Chemical manufacturing works best when built on a tradition of both discipline and flexibility. We never set out to make the cheapest 3-[(2S)-piperidin-2-yl]pyridine hydrochloride. Instead, we’ve focused on how our compound integrates into actual medicinal chemistry campaigns. Batch after batch, we tune the process so customers spend less time troubleshooting materials and more time focusing on lead structures and biological results.
We keep learning with each campaign. Researchers moving from small pilot lots to kilo-scale production see new issues emerge—sometimes needing tighter lot-to-lot controls or changes in packaging. Our team sends regular updates on any process changes, even minor solvent swaps, so teams downstream can adjust protocols before issues arise. Rather than waiting for problems, we try to get ahead by field testing new approaches to both synthesis and QC. Customers tell us this “open door” policy gives them a clearer picture and more reliability.
With every lot, we send not just a certificate, but full chiral chromatograms, heavy metal data, and detailed solvent residue profiles, all backed up with digital signatures and traceable to the original analytical run. These records move with the product, not as an afterthought but as a fundamental part of its identity. When customers get a fresh bottle from our line, they can call, email, or video chat directly with our chemists—not just a generic support desk.

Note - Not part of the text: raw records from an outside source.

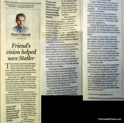 On next Sunday’s Golden Apple Cabaret my guests will be Howard Goldman and Mary Kunz Goldman as we discuss the music, nightlife and culture scene in Buffalo, New York. Mary has worked as an artist, newspaper reporter and music critic with a lifelong history and commitment to sharing stories of the talent and personalities of the second largest city in the state of New York.Howard, an entrepreneur, pianist and vocalist, is creator and host of “LoungeACADEMY”. Informal Monday jam sessions in their home led to the creation of this popular and long running cabaret experience that is currently running and live streamed weekly in the beautiful Buffalo Hyatt Regency Hotel.We will chat and listen to the music of famous musicians out of Buffalo such as Harold Arlen and those who deserve a wider recognition such as talented performers Jackie Jacko and Dodo Greene.Please join us Sunday, April 3rd at 6PM (EST) live-streaming on the internet at https://wvox.com or on the radio in New York City on WVOX 1460 AM.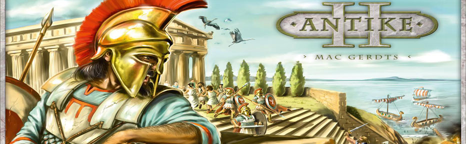Le voilà, il revient, le ca-pi-taine corsaire Mac Gerdts ! Oui, l’inventeur de la roue revient, avec sous le bras une nouvelle boite du jeu Antike, tout simplement nommée Antike II (chez PD Verlag, stand 1-C108).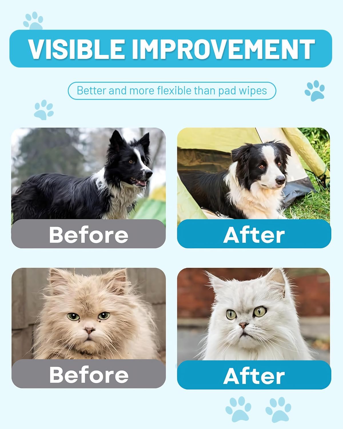 Super Thick Pet Disposable Glove Wipes redefine convenience in pet grooming, offering a premium solution for busy pet owners who demand effectiveness and gentleness. Each pack includes 6 generously sized gloves (9×9.8inch), specially designed with ultra-thick material to tackle the toughest messes without compromising on comfort.Unlike ordinary pet wipes, our super thick gloves feature a reinforced texture that lifts and traps dirt, pet hair, and sticky residues, while the nourishing blend of aloe extract and jojoba oil works to soothe and condition the skin. This hypoallergenic formula is rigorously tested to be fragrance-free, alcohol-free, and safe for sensitive pets, making it suitable for all life stages—from playful puppies to senior cats.The rinse-free design is a game-changer for pet care. Whether your furry friend has rolled in the mud, needs a post-meal face wipe, or requires a quick freshening up between baths, these gloves provide a hassle-free alternative to traditional bathing. The ergonomic fit ensures a secure grip, allowing you to clean hard-to-reach areas like between paw pads, inside ears, and around the tail without straining your hands.Pet parents will appreciate the practicality of the travel-friendly packaging. Weighing just 6.34oz per pack, it slips easily into a gym bag, travel luggage, or even a coat pocket—perfect for outdoor adventures, vet visits, or simply keeping in the car for unexpected messes. The eco-conscious design (disposable but responsibly made) balances convenience with sustainability, making it a guilt-free choice for daily use.Ideal for multi-pet households, the super thick gloves are durable enough for multiple uses per glove (depending on mess severity), offering exceptional value. The unscented formula is gentle on sensitive noses, while the deep cleansing action neutralizes odors at the source, leaving your pet smelling fresh and feeling pampered.For external use only. Keep out of pet’s mouth and eyes. Avoid ingestion.Invest in Super Thick Pet Disposable Glove Wipes today and experience the difference of professional-grade grooming in the palm of your hand. Your pet will love the gentle care, and you’ll wonder how you ever lived without this essential grooming tool.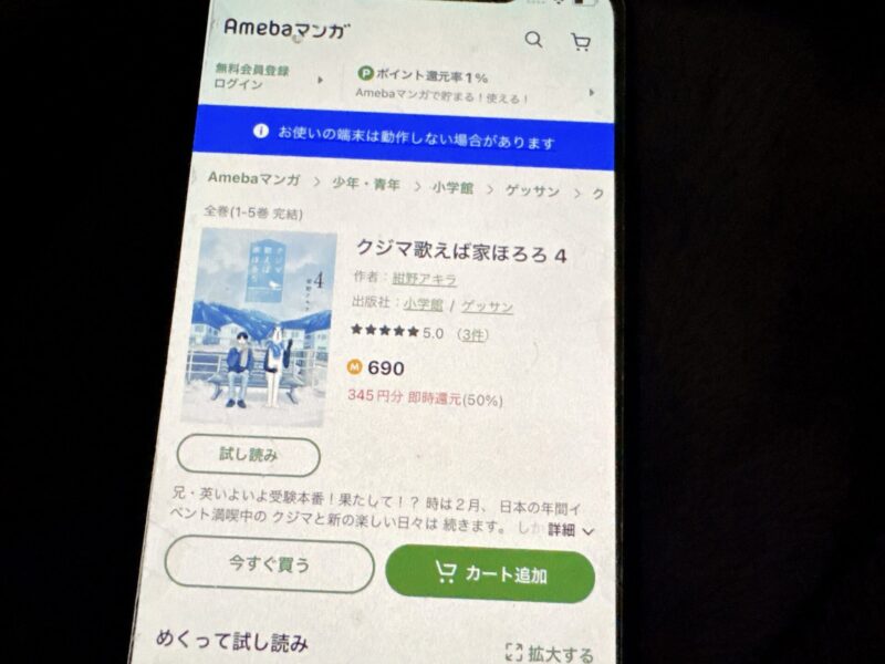 キャンペーンを利用することで一部の巻は無料で読めるため、お得にクジマ歌えば家ほろろ漫画を全巻読むためには利用しましょう。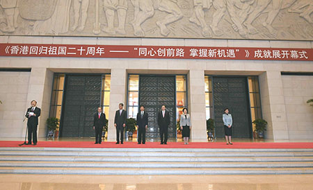下午3時,習近平等領導人來到國家博物館,在全國政協副主席、香港特別行政區行政長官梁振英等陪同下走進展廳參觀展覽。展覽由香港特別行政區政府主辦,以“同心創前路,掌握新機遇”為主題,共分“一國兩制”、“香港近況一覽”、“一起緊握機遇”、“一起拓展商貿”、“一起推陳出新”、“一起攜手經歷”、“一起緊扣相連”、“一起凝聚力量”、“一起保育承傳”以及“結語”等10個展區,通過大量圖表、模型以及多媒體互動內容,全面展現香港回歸祖國20年特別是近5年來各項事業取得的巨大成就。

Assumption-free transparency prevents wasted cycles in both R&D and regulatory review. Our process records show exactly how we handled any deviation, what raw materials went into the reactor, and what the test points said across every step. That backbone of record-keeping supports cross-team trust, so researchers have confidence that the ingredient in hand really matches the data on paper.
No product stands still. Demand for 3-[(2S)-piperidin-2-yl]pyridine hydrochloride now includes larger-scale lots for expanded clinical candidates, sharper timelines, and more exacting regulatory scrutiny. We’re already expanding analytical coverage, running NMR profiling as routine instead of just “as needed,” and compiling longer-term stability data to support shelf-life projections.

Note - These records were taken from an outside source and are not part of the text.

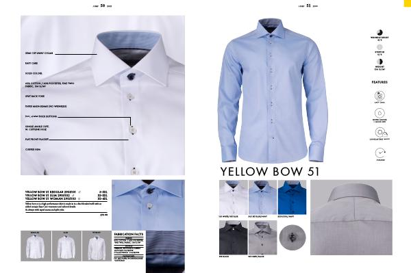 Yellow bow 51 is a high performance shirt is made in in a fine blended twill with an added unique Easy Care treatment and tailored details . As always with taped seams and split yoke .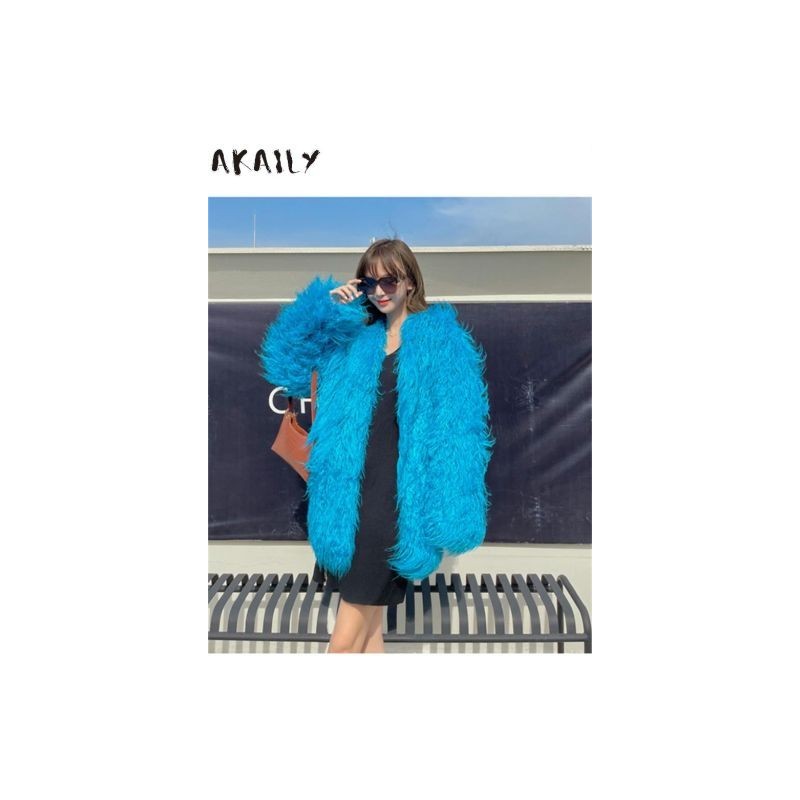 Akaily Solid Faux Fur Coats For Women 2023 Streetwear Long Sleeve V Neck Jackets Pink Casual Loose Coats New In Outerwears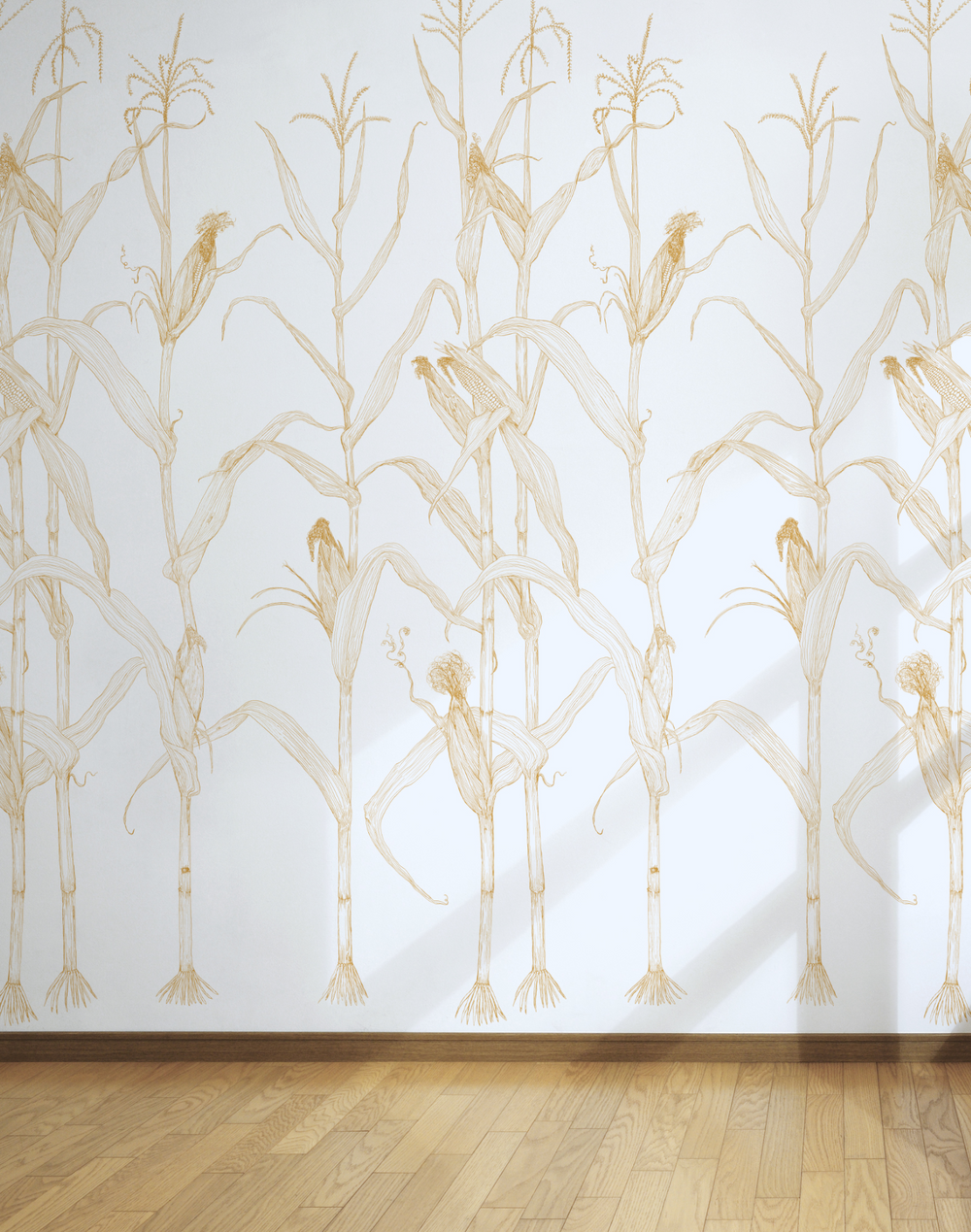 Inspired by growing up in the farmlands of the Eastern Shore of Maryland and the cyclical life of corn, Merenda designed Corn Rows. These large and beautiful corn stalks are intended to bring peace and spaciousness to your wall.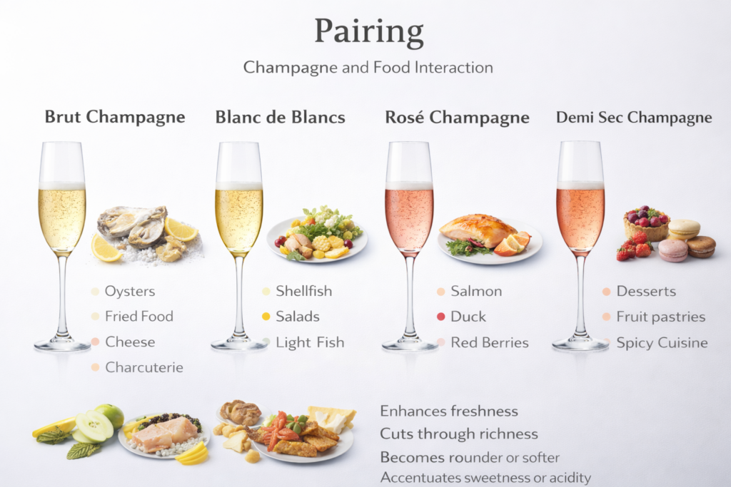 A successful pairing elevates both the Champagne and the dish without one dominating the other.

Recent shifts in pharma supply chain management put a premium on direct-source material rather than through chains of intermediaries. We’ve fielded more requests for audit visits by remote video, and we don’t wait for regulations to dictate safety or documentation upgrades. Our technical and quality teams continually set new benchmarks by reviewing published procedures, collaborating with industry partners, and updating control protocols to fit current standards and scientific understanding.

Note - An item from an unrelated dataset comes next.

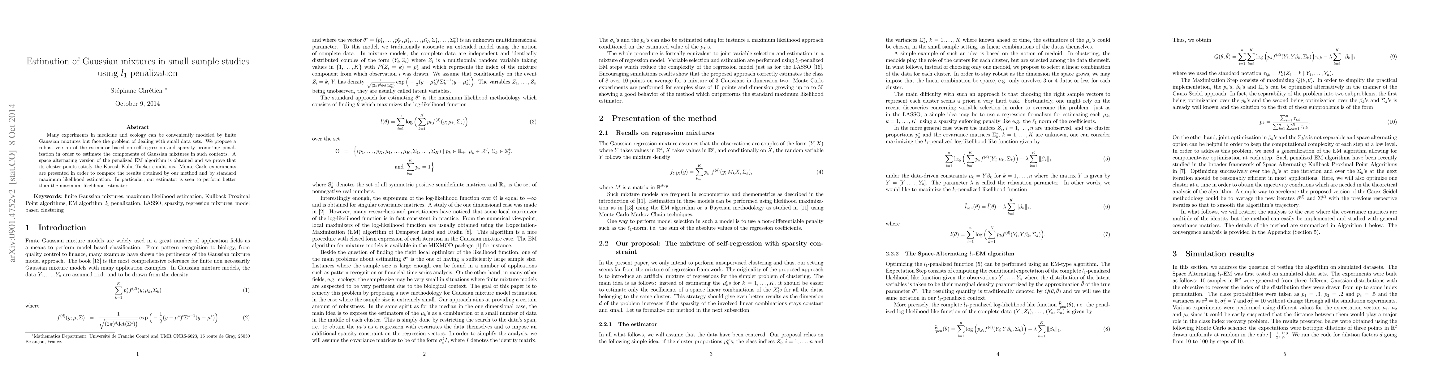 This paper proposes a robust estimator for Gaussian mixtures in small sample studies using $l_1$ penalization, based on self-regression and sparsity. The method is shown to outperform standard maximum likelihood estimation through Monte Carlo experiments.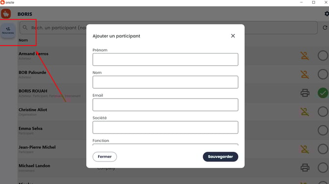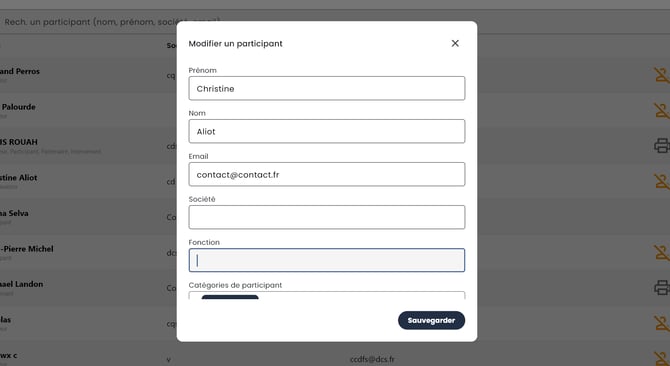 Une fois le formulaire complété, cliquez sur le bouton SAUVEGARDER pour ajouter le participant.

There’s no substitute for hands-on time with the material, whether it’s troubleshooting a stubbornly low-yield step in our own plant or breaking down a chromatograph with a client’s team. Those are steps that add real value, well beyond any generic purity guarantee.
Supplying 3-[(2S)-piperidin-2-yl]pyridine hydrochloride isn’t just about hitting a purity number or providing a pretty COA. It’s about building a bridge between our years of hands-on experience on the manufacturing floor and the workbench challenges of research chemists, process scientists, and drug development teams worldwide.
We stay close to every lot, from raw material sourcing to final analytical sign-off. Our team fields feedback every day—from simple compliments on powder handling to detailed troubleshooting requests with analytical data attached. These ongoing conversations keep us honest, nimble, and ready for whatever challenges tomorrow’s projects deliver.
The end goal: a product tailored not just by sterile protocol, but by lived experience, ongoing improvement, direct dialogue, and shared commitment to making tough science a little bit easier, every single batch.